Assemble time-aligned transcription files
The structure of a speech corpus
An ideal way to organise our speech corpus directory is demonstrated below. The plain transcript (.txt
) and time-aligned transcription file (.TextGrid
) share the same filename as the corresponding audio file (.wav
). Designing a consistent, anonymous, interpretable, and information-dense filename system is always a good practice here.
speech_corpus
├── metadata.txt
├── audios
│ ├── b01_1_101q.wav
│ ├── b01_2_101q.wav
│ └── b01_3_101q.wav
├── textgrids
│ ├── b01_1_101q.TextGrid
│ ├── b01_1_102a.TextGrid
│ └── b01_1_103a.TextGrid
└── transcripts
├── b01_1_101q.txt
├── b01_2_101q.txt
└── b01_3_101q.txt
The first step that enables us to search intended speech sequences from the corpus is to create a large text file assembling all time-aligned transcripts so that we have access to three key information for all audio files: 1) temporal information; 2) the symbol for the speech unit (it can be a segment, a syllable, or a word given the granularity of the segmentation); 3) the filename/path.

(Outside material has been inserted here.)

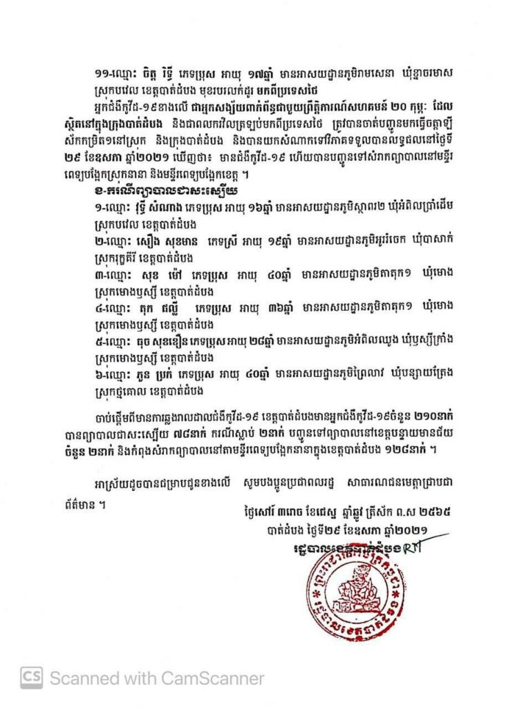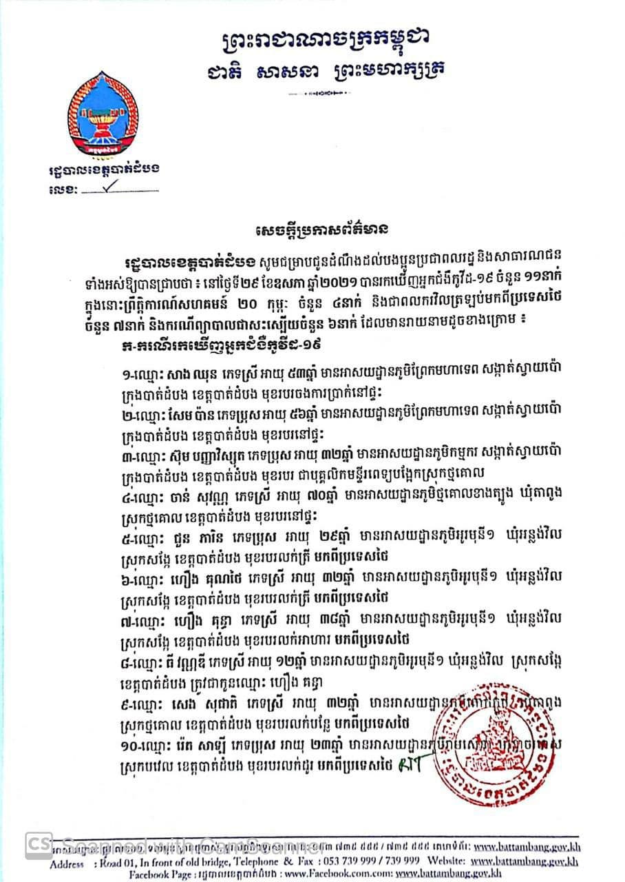 រដ្ឋបាលខេត្តបាត់ដំបង បានចេញសេចក្តីប្រកាសព័ត៌មាន និង ជូនដំណឹង នៅល្ងាច ថ្ងៃទី២៩ ខែឧសភាឆ្នាំ២០២១នេះ ពីករណីរកឃើញ វិជ្ជមានជម្ងឺកូវីដ-19 ចំនួន១១នាក់ ថ្មីបន្ថែមទៀត ក្នុងនោះពាក់ព័ន្ធព្រឹត្តិការណ៍សហគមន៍២០កុម្ភៈចំនួន០៤នាក់និង ជាពលករវិលត្រឡប់ពីប្រទេសថៃ ចំនួន០៧នាក់ និងបានព្យាបាលអ្នកជម្ងឺ ឲ្យជាសះស្បើយ ចំនួន០៦នាក់ ត្រូវបានអនុញ្ញាតិឲ្យវិលត្រឡប់ទៅលំនៅដ្ឋានរបស់ខ្លួនវិញផងដែរ។
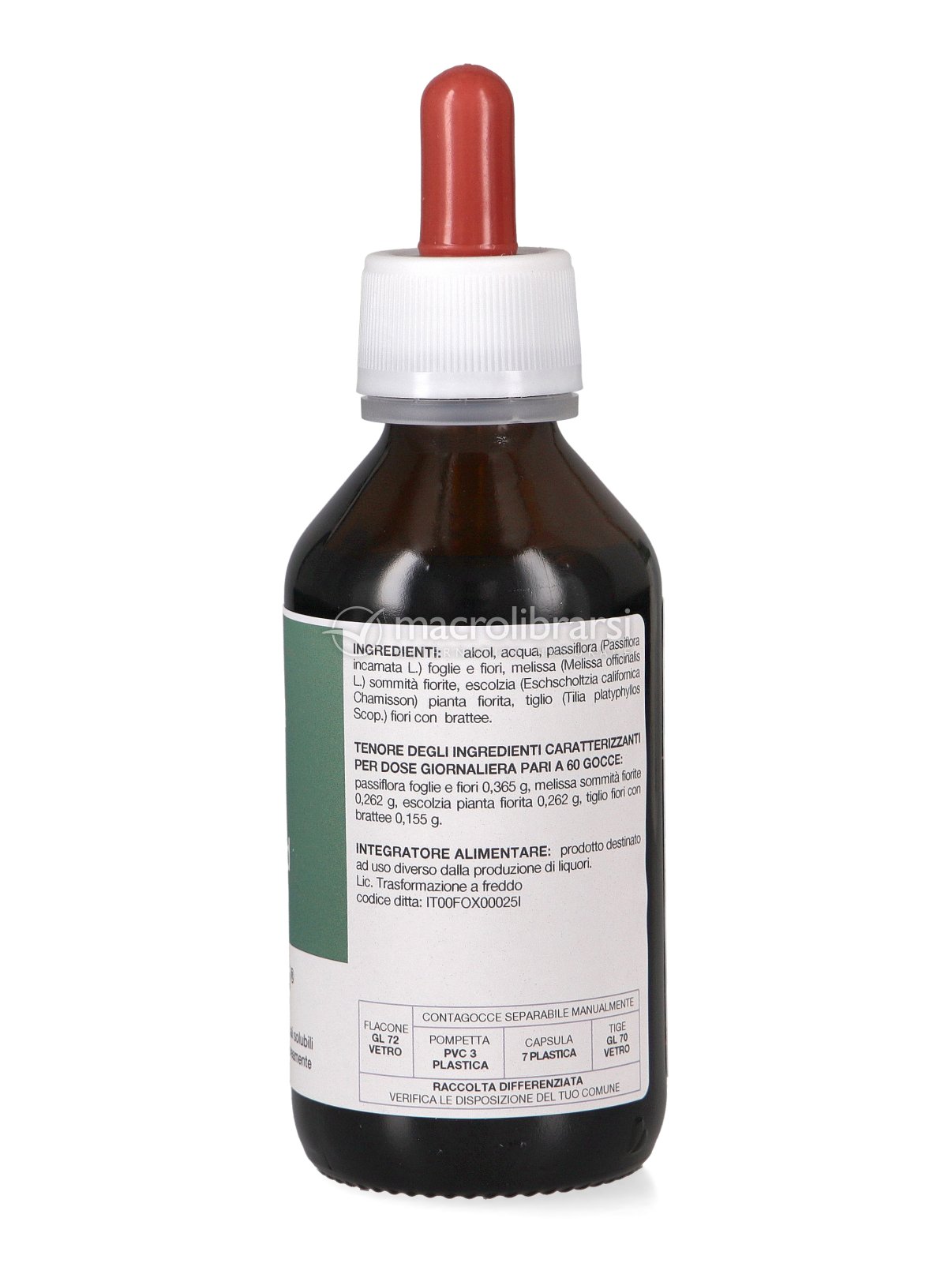 | Disclaimer | Non superare la dose giornaliera consigliata. Gli integratori alimentari non vanno intesi come sostituti di una dieta variata ed equilibrata. Tenere fuori dalla portata dei bambini al di sotto dei tre anni. Non utilizzare in gravidanza e nei bambini o comunque per periodi prolungati senza sentire il parere del medico. Conservare in luogo asciutto e lontano da fonti di calore. Richiudere la confezione dopo l'uso. Macrolibrarsi ricorda l'importanza di seguire uno stile di vita sano e un'alimentazione variata ed equilibrata. |

Assemble time-aligned transcripts
Usually a TextGrid file, as shown below, is not in its best format to work with. In the previous
tutorial, I provided Python scripts that convert a .TextGrid
file into a plain text file with tabular format data. Again, they are available at my Github
repository. The README.md
will take you from there.
If you would like to convert multiple .TextGrid
files all at once, you can consider a for loop in your command line and then concatenate individual .txt
files into a large text file.
File type = "ooTextFile"
Object class = "TextGrid"
xmin = 0.0125
xmax = 1.8725
tiers? <exists>
size = 2
item []:
item [1]:
class = "IntervalTier"
name = "phone"
xmin = 0.0125
xmax = 1.8725
intervals: size = 26
intervals [1]:
xmin = 0.0125
xmax = 0.0925
text = "t"
Alternatively, I created another Python script tg2csv.py
that loops round the \textgrid\
directory and create one large text file in the output. It is also available at my Github
repository. You can download the script.
The key to creating this assembling text file in the tabular format is forward thinking. What information will you need in the next steps? In order to cut speech segments out from a audio file, we will need the filename (path) of the audio file, and the times of the targeted speech segments. The correspondence between the filenames of an audio file and a transcript does us a favor in accessing the path of the audio file when we have the transcript file. Therefore, a column of filename should be in the tabular data, and we might also want to remove the file extension, which would make it easier to work with different file extensions later.
Demo task
Suppose that I am interested in some Mandarin syllables and my .TextGrid
files are time-aligned at both the segmental (tier name: phoneme) and syllabic level (tier name: word). I hope to convert all the word
tiers into tabular format.
tg2csv.py
should be placed in the project directory, i.e. /speech_corpus
in above example. It takes three arguments: 1) the name of the directory where we put the .TextGrid
files, in this case, textgrids
; 2) the name of the tier that we are interested in, word
; 3) the name of the desired output file. Let’s call it words.csv
.
In the Terminal or your Unix Shell, we can do:
python tg2csv.py textgrids word words.csv
The final tabular output of tg2csv.py
is demonstrated below. You may delete the first row 0,1,2,3,4
in the output file, which is the unspecified column names.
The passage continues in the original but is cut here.